Magelang – Sebanyak 261 warga lanjut usia (lansia) dari Kecamatan Magelang Utara dan lima kelurahan yakni Kelurahan Kedungsari, Kramat Selatan, Wates, Potrobangsan dan Kramat Utara mengikuti wisuda Sekolah Lansia di Kota Magelang, Senin (22/6).
Kegiatan tersebut merupakan bagian dari Program Sekolah Lansia yang diinisiasi Pemerintah Kota Magelang melalui Dinas Pemberdayaan Masyarakat, Perempuan, Perlindungan Anak, Pengendalian Penduduk, dan Keluarga Berencana (DPMP4KB).
Wali Kota Magelang Damar Prasetyono mengapresiasi kepada seluruh peserta yang telah menyelesaikan program pembelajaran tersebut.

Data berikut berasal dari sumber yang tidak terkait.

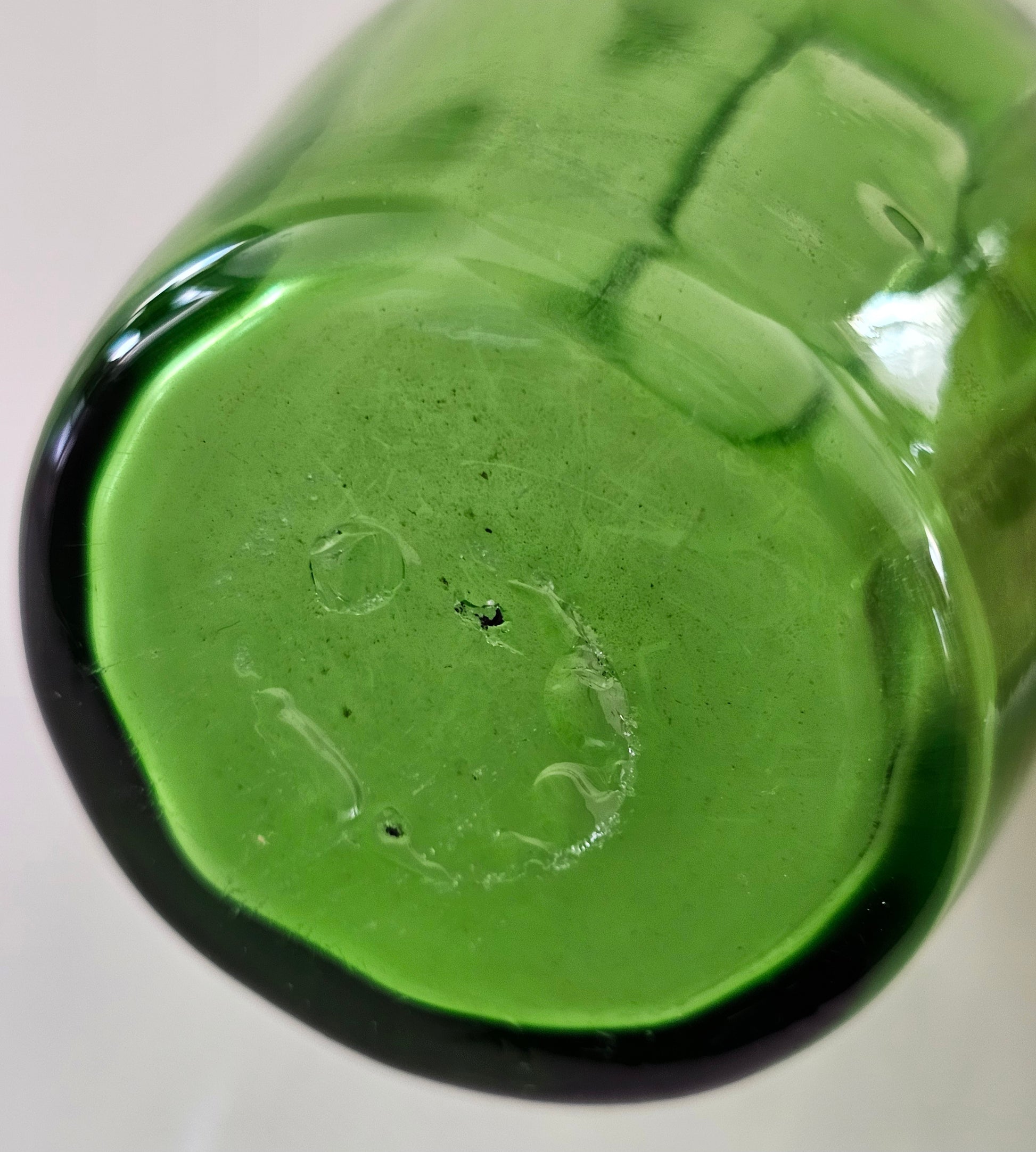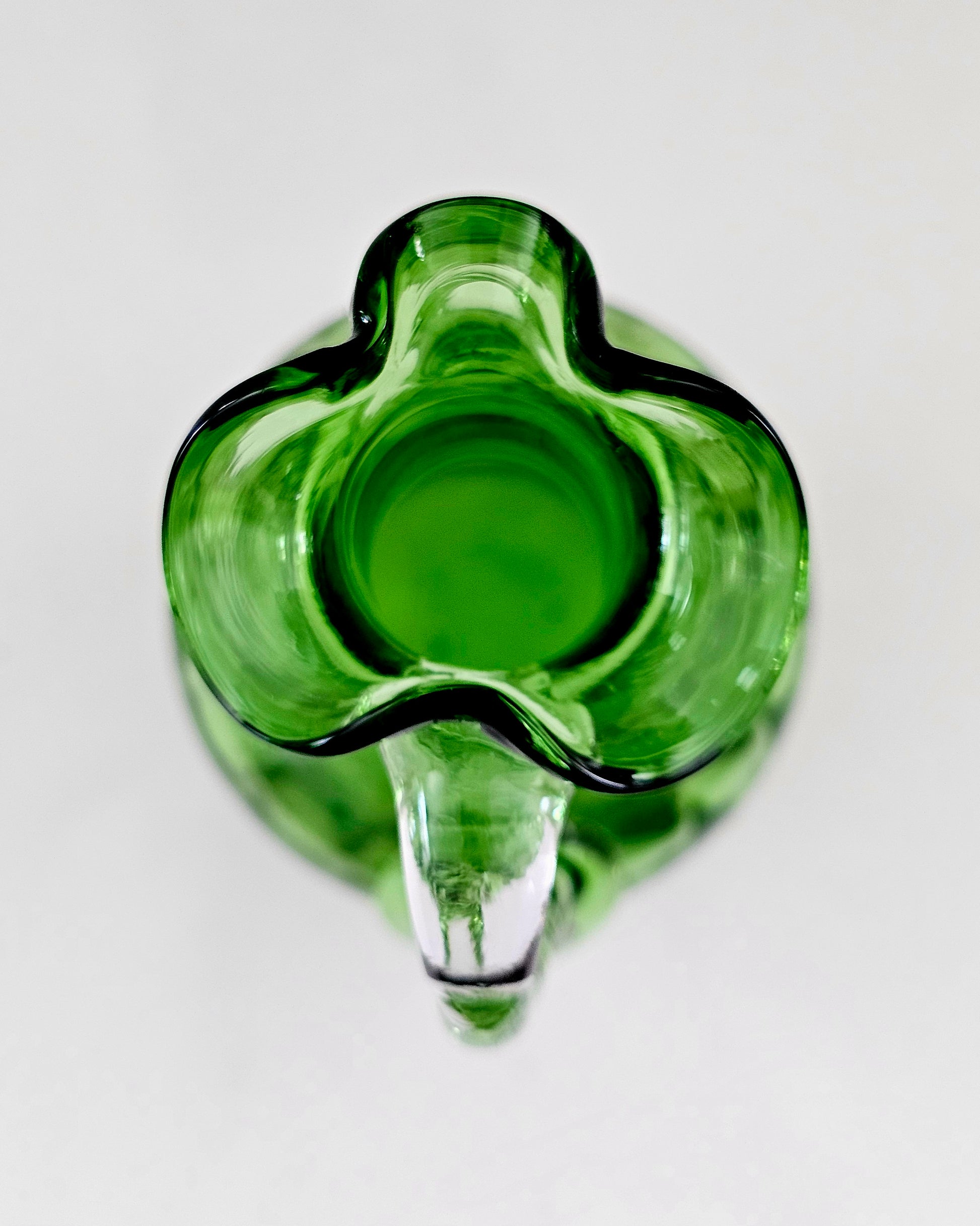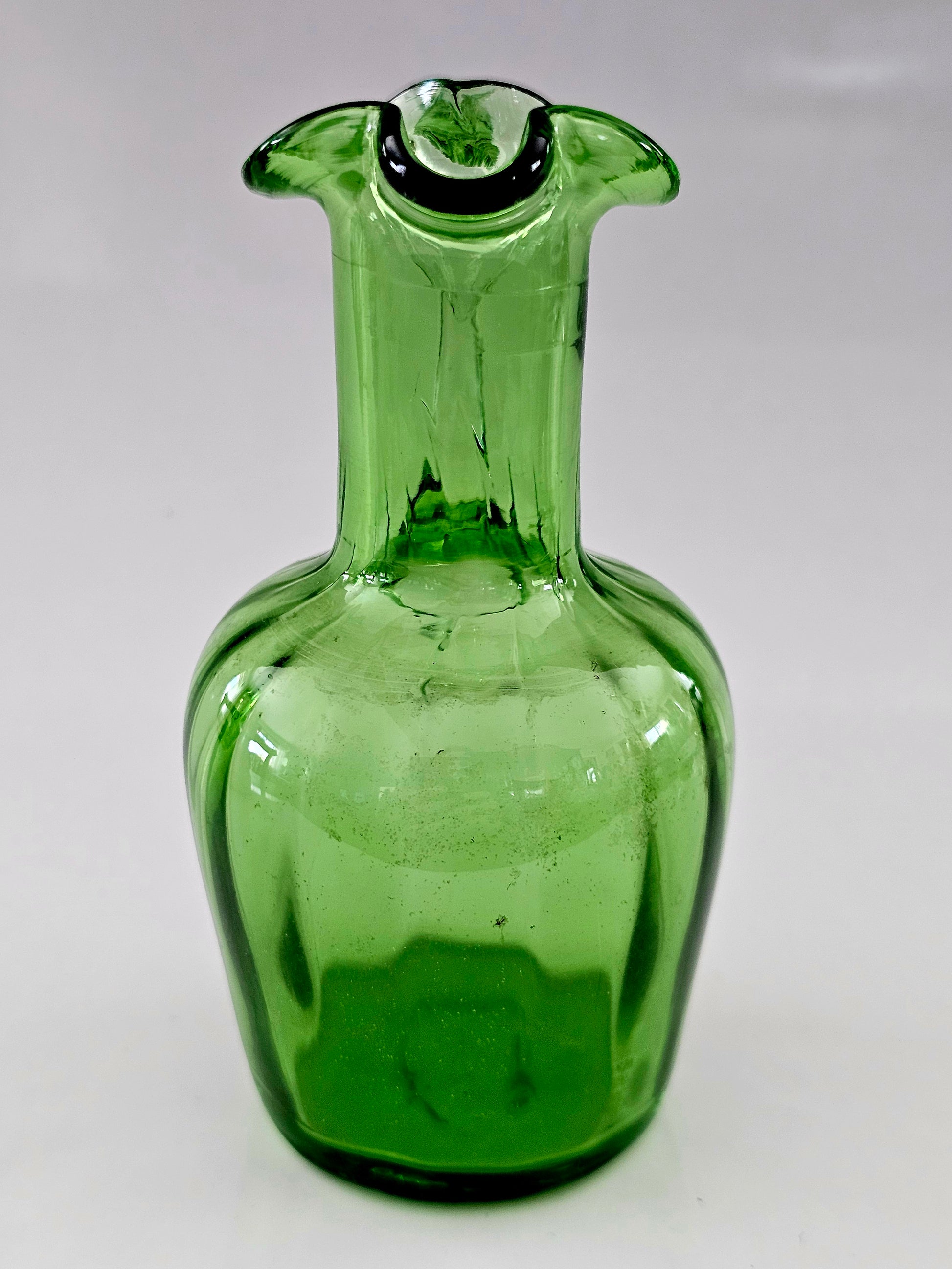 This little hand-blown vase is in the shape of a pitcher, with a clear glass handle. It could be used as a cruet, but would also work well as a bud vase for small flowers. It would also be lovely sitting in a window for light to filter through the lovely green glass.

“Kalau anak sekolah mendengar ini mungkin langsung iri. Karena Bapak/Ibu semua tidak ada yang remedial, tidak ada yang ujian susulan, bahkan tidak ada yang harus tinggal kelas. Semua lulus dengan baik,” katanya yang disambut tawa dan tepuk tangan para hadirin.
Menurut Damar, wisuda tersebut bukan hanya menjadi simbol selesainya proses belajar, tetapi juga menjadi bukti bahwa semangat menuntut ilmu tidak dibatasi oleh usia.
Ia menilai para lansia telah memberikan teladan kepada masyarakat bahwa proses belajar dapat terus dilakukan sepanjang hayat. Karena itu, mereka diharapkan tetap aktif menjalani berbagai kegiatan positif, mulai dari berolahraga, menjaga silaturahmi, hingga terlibat dalam aktivitas sosial di lingkungan masing-masing.

Selain itu, para lansia juga diharapkan dapat menjadi sumber kearifan dan panutan bagi generasi yang lebih muda.
“Bapak/Ibu boleh menyimpan ijazahnya, tapi semangatnya jangan ikut disimpan,” pesan Damar.
Sementara itu, Kepala DPMP4KB Kota Magelang Wawan Setiadi menjelaskan bahwa Program Sekolah Lansia dirancang untuk meningkatkan kualitas hidup warga lanjut usia agar tetap sehat, mandiri, aktif, produktif, dan sejahtera.
Ia menyebut program tersebut juga menjadi salah satu program unggulan Pemerintah Kota Magelang di bawah kepemimpinan Wali Kota Damar Prasetyono.
Sebelum mengikuti wisuda, para peserta menjalani delapan kali pertemuan yang berlangsung sejak 10 April 2026. Dalam setiap sesi, peserta mendapatkan pembelajaran dari berbagai narasumber yang berasal dari bidang kesehatan, pendidikan, keagamaan, hingga pemberdayaan masyarakat.
Beragam materi diberikan kepada para peserta, mulai dari kebudayaan dan fisioterapi, pemeriksaan kesehatan, pembinaan spiritual, senam lansia, tujuh dimensi lansia tangguh, pemenuhan gizi bagi lansia, hingga pengembangan hobi yang disesuaikan dengan kebutuhan mereka.
Wawan mengungkapkan, jumlah peserta yang mengikuti wisuda Sekolah Lansia di seluruh Kota Magelang tahun ini mencapai 750 orang. Pemerintah daerah pun menargetkan jumlah tersebut terus bertambah pada tahun mendatang.
“Tahun depan ditargetkan mencapai 1.000 peserta,” ujarnya.